Ingredients
- 20 jumbo pasta shells
- 1 cup ricotta cheese
- 1 cup shredded mozzarella cheese
- ½ cup grated Parmesan cheese
- 6 slices turkey bacon, cooked and chopped
- ½ cup chicken ham, diced
- 1 cup roasted vegetables (butternut squash, carrots, zucchini, or your choice)
- 2 cloves garlic, minced
- 1 teaspoon dried Italian herbs
- Salt and pepper, to taste
- 2 cups tomato sauce or marinara sauce
Instructions
- Preheat oven to 375°F (190°C). Lightly grease a 9×13-inch baking dish.
- Cook pasta shells according to package instructions until al dente. Drain and lay flat on a baking sheet to prevent sticking.
- In a medium bowl, combine ricotta, ½ cup mozzarella, Parmesan, turkey bacon, chicken ham, roasted vegetables, garlic, and Italian herbs.

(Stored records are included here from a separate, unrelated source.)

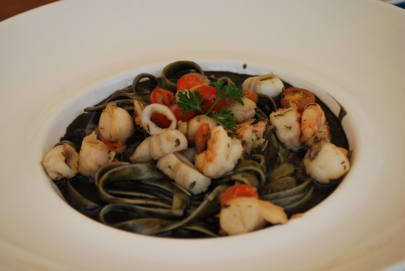 そして、こちらのもう1つのおすすめがイカスミパスタ。ペルー料理ではありませんが、こちらも近海で獲れた魚介類がたっぷり使われています。ソースの味付けは濃厚で、太めの麺によく絡んでとっても美味しいですよ。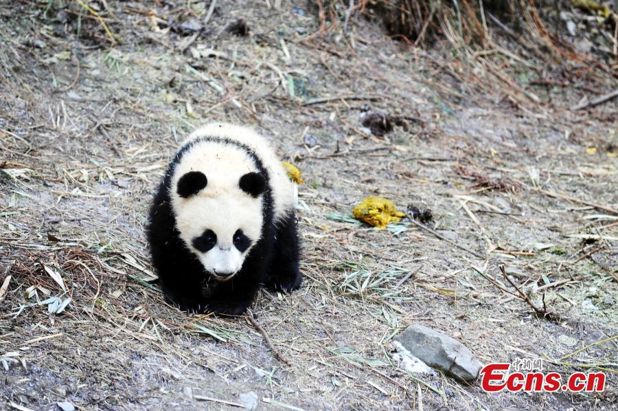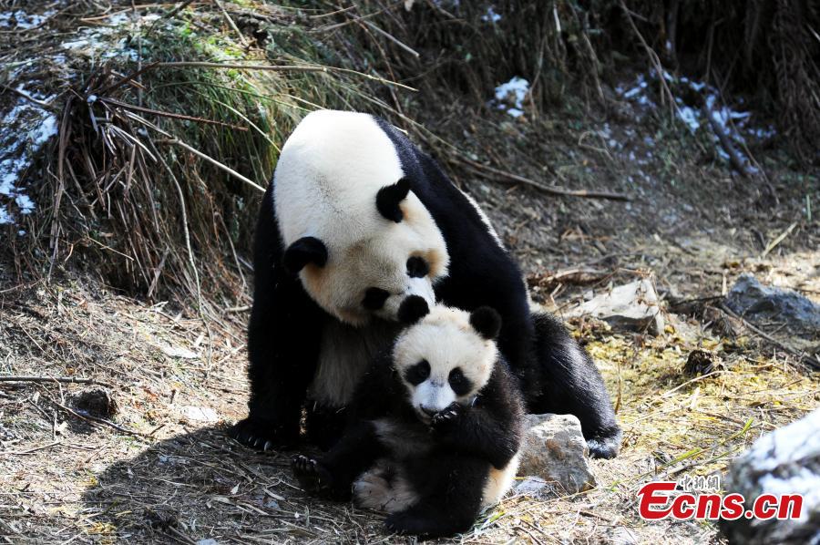 Giant pandas play at the Hetaoping base of the China Conservation and Research Center for the Giant Panda at the Wolong Nature Reserve in Southwest China’s Sichuan Province. Three panda cubs born in 2015 will be trained at the base before returning to the wild. (Photo: China News Service/Qiu Yu)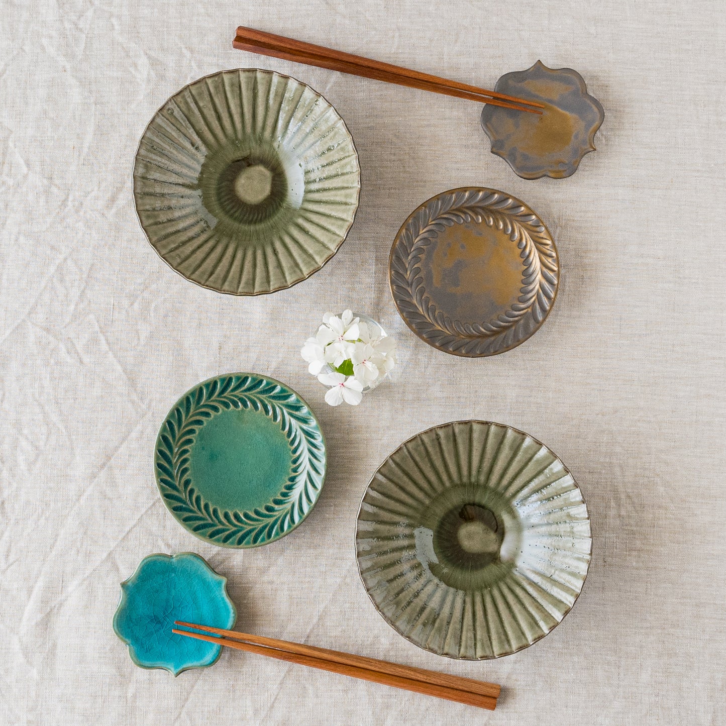 洗練された佇まいと和の趣を感じる表情を併せ持ったなんとも素敵なお皿。目を奪われる色味と葉紋模様がお料理を素敵に引き立ててくれます。
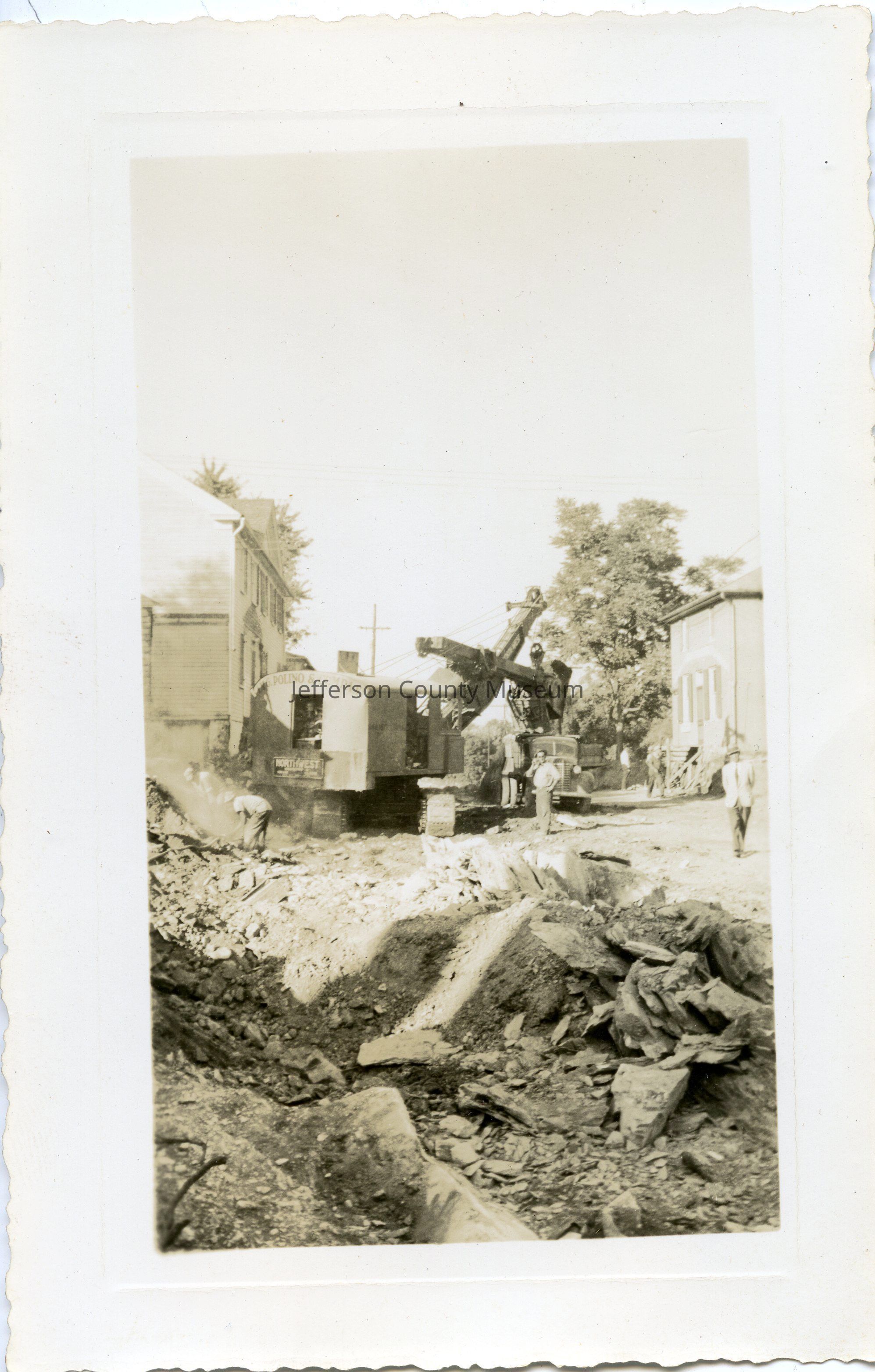 Looking north during road construction on Route 340 in Rippon at intersection of Withers-Larue Road to remove rise in road. Still standing today (1/24/2018) are Wilt Store (Jack & Mary Wilt) on right and Sylvester/Heskett residence across from it.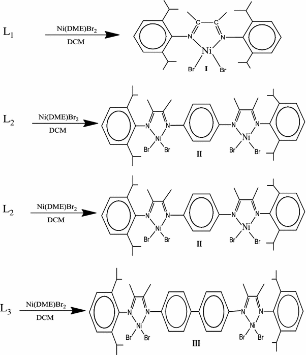 Bi-nickel-center catalysts were prepared by Schiff-base condensation of 2,3-butanedione with 2,6-di-isopropylaniline; 2-5-butylaniline, 2-isopropylaniline and 1,4-phenylene diamine(I). More Schiff-base ligands were prepared by condensation of 2,3-butandione with 2,6-diisopropylaniline; 2,4-6-trimethyl aniline and 4,4-diaminophenyl (benzidine)(II), and subsequent metathesis reaction with (DME)NiBr2. Bis(alpha diimine)nickel(II)dibromide complexes are suitable catalysts and are precursors for the polymerization of ethylene after activation with methylaluminoxane (MAO). In comparison with these complex analogs, mono-nickel-center catalysts, the new catalysts have much bigger molecules, illustrated by the distance between every two active centers (II and III). For bi-nickel-center catalysts, the catalyst’s structural credibility had profound influence on the catalytic activity. When the substituent was diisopropyl; t-butyl or methyl, the catalysts demonstrated much higher catalytic activity than the corresponding mono-nickel-center catalysts. Catalyst (II) with phenyl bridge showed high activity compared with catalyst (III) with diphenyl bridge. The catalytic properties of these complexes and the character of the obtained polymers depend on the ligand structure of the used catalysts. Substituents on the arene moiety and/or the backbone of the ligand influence the polymerization reaction. Small aryl substituents result in the formation of low molecular weight oligomers, whereas bulky aryl substituents gave high molecular weight polyethylene. Catalysts are cheap and can be prepared easily with available starting material and stable in air. The effect of Al/Ni ratio, of reaction time, variation of ethylene pressure, and the effect of temperature on catalyst performance will be discussed.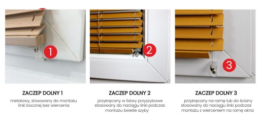 - Zaczepy belki dolnej, wpięcie na click przykręcany do ramy + 15 zł | kpl. (tańsza wersja podtrzymująca żaluzję przy ramie, wpinamy gdy żaluzja jest całkowicie rozwinięta)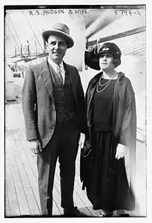He was the eldest son of Robert William Hudson, who had inherited and then sold the substantial family soap business, and Gerda Frances Marion Bushell. The wealth he inherited from the soap business ensured that Hudson always had a very privileged and well off existence.[1] Hudson was educated at Eton College and Magdalen College, Oxford.[1] He entered the Diplomatic Service in 1911, becoming an attaché and First Secretary at the British embassy in Washington.[2] Hudson afterwards served as a diplomat in Russia.[2] On 1 December 1918, he married a wealthy American woman, Hannah Randolph of Philadelphia, whom he had met during his time as a diplomat in Washington. He had a particular interest in farming and was a member of the council of the Royal Agricultural Society.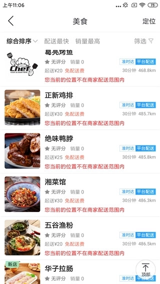 4、点击美食外卖,根据你的位置进行定位,匹配各种好吃的美食。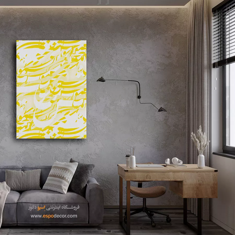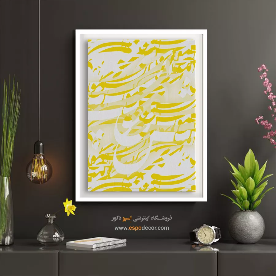 تابلوی فرم نویسی نمونهای چشمنواز از نقاشیخط انتزاعی است که با خطوطی روان و رنگ غالب زرد، انرژی و طراوتی خاص را به نمایش میگذارد. خرید تابلو نقاشیخط انتزاعی مانند این اثر، نه تنها فضایی مدرن و پرنشاط به دکوراسیون شما میبخشد، بلکه بیانگر پیوند میان هنر سنتی خوشنویسی ایرانی و سبکهای نوگرایانه انتزاعی است.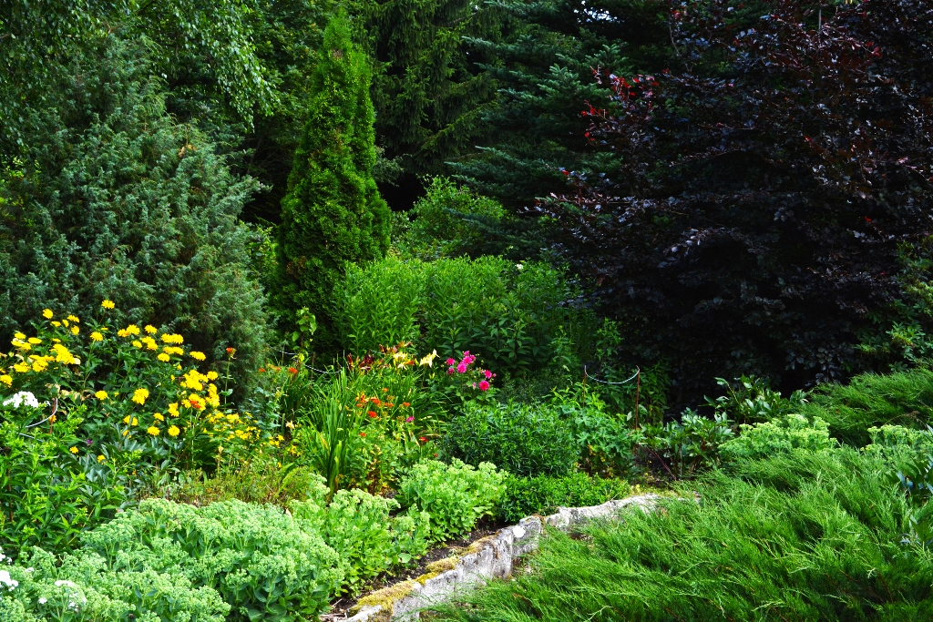 W niższych partiach parku spotkać możemy jaśminowce wonne, głogi jednoszyjkowe, śnieguliczki białe oraz masowo występującą konwalię majowa. W parku rosną drzewa pomnikowe: jesion wyniosły o obwodzie 347cm, dąb szypułkowy o obwodzie 365cm i klon zwyczajny o obwodzie 340cm. Na nieczynnym cmentarzu ewangelickim rośnie kolejny pomnik przyrody – dąb szypułkowy o obwodzie 320cm.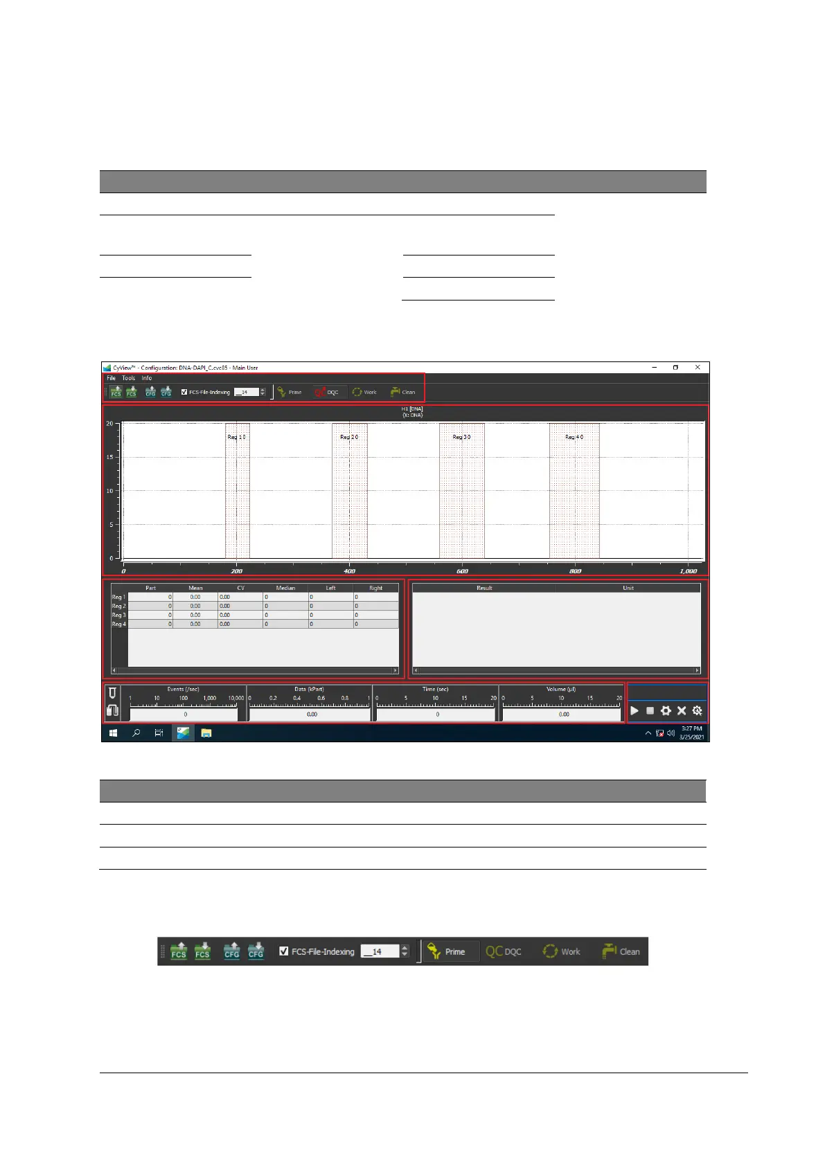 SYSMEX CyFlow Ploidy Analyser - Main Window; Controls; Figure 13: Main Window (DNA-Dapi_C.cvc85 Configuration Active); Figure 14: File Operations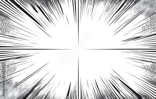 © kkkiim graphic, Obraz premium Dynamic Comic Book Background with Four Panels and Halftone Pattern, Featuring Sun Rays and Sharp Lines.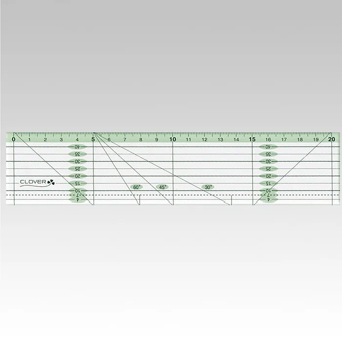 製図、型紙作り、キルティングライン、印つけなどペンを使っての作業に最適なすっきり見やすい平行線&角度線が入ったシンプルな定規です。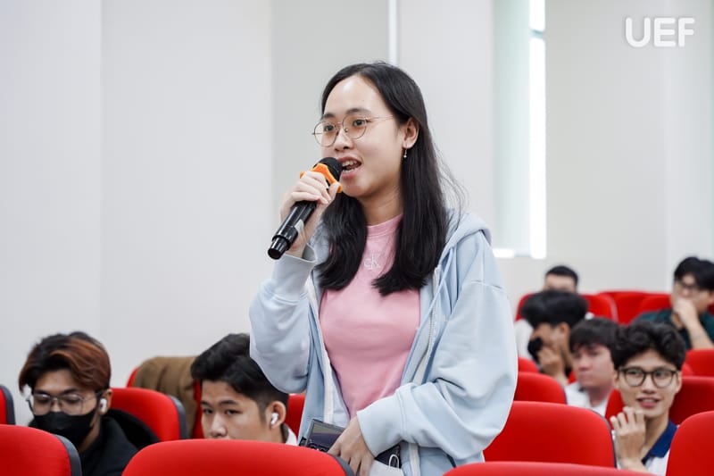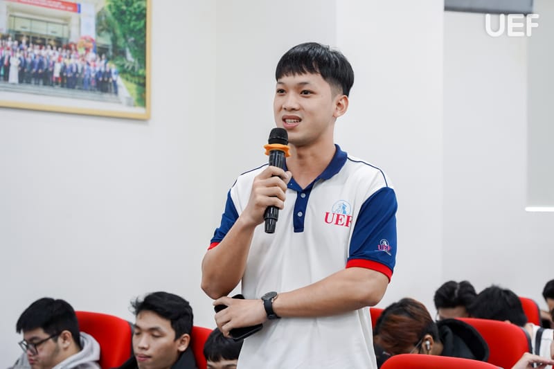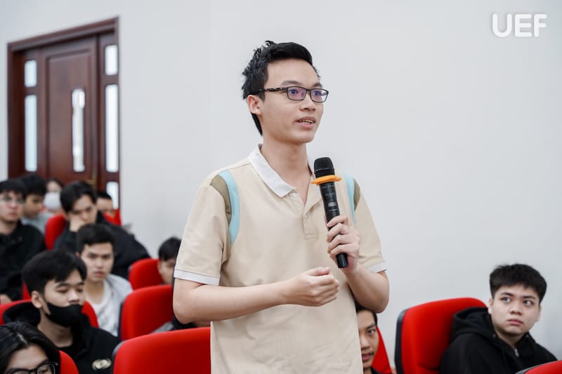 Phần hỏi - đáp diễn ra sôi nổi khi sinh viên mạnh dạn đặt câu hỏi xoay quanh lựa chọn nghề nghiệp trong ngành IT như Developer, BA, Tester, PO, PM, AI, Data Analyst, Data Scientist,… cũng như các kỹ năng mềm cần thiết khi bước vào giai đoạn thực tập. Những chia sẻ chân thực từ diễn giả giúp sinh viên hiểu rõ hơn con đường phát triển sau khi “code xong”, không chỉ dừng lại ở kỹ năng kỹ thuật mà còn là tư duy, thái độ và khả năng quản trị bản thân.

Mix until even and season with salt and pepper.
- Spoon filling into each pasta shell and place in the prepared baking dish.
- Pour tomato sauce evenly over the stuffed shells.
- Sprinkle remaining mozzarella over the top.
- Cover loosely with foil and bake for 20 minutes. Remove foil and bake an additional 10–15 minutes until cheese is golden and bubbly.
- Allow shells to rest for 5 minutes before serving.
Notes
Make ahead: Assemble a day in advance and refrigerate until ready to bake.
Freezer-friendly: Freeze unbaked shells in a foil-covered dish for up to 3 months.
Customization: Swap vegetables or cheeses as desired. Add fresh herbs before serving for extra flavor.
Prevent sticking: Lightly oil shells after boiling and place on a sheet pan before stuffing.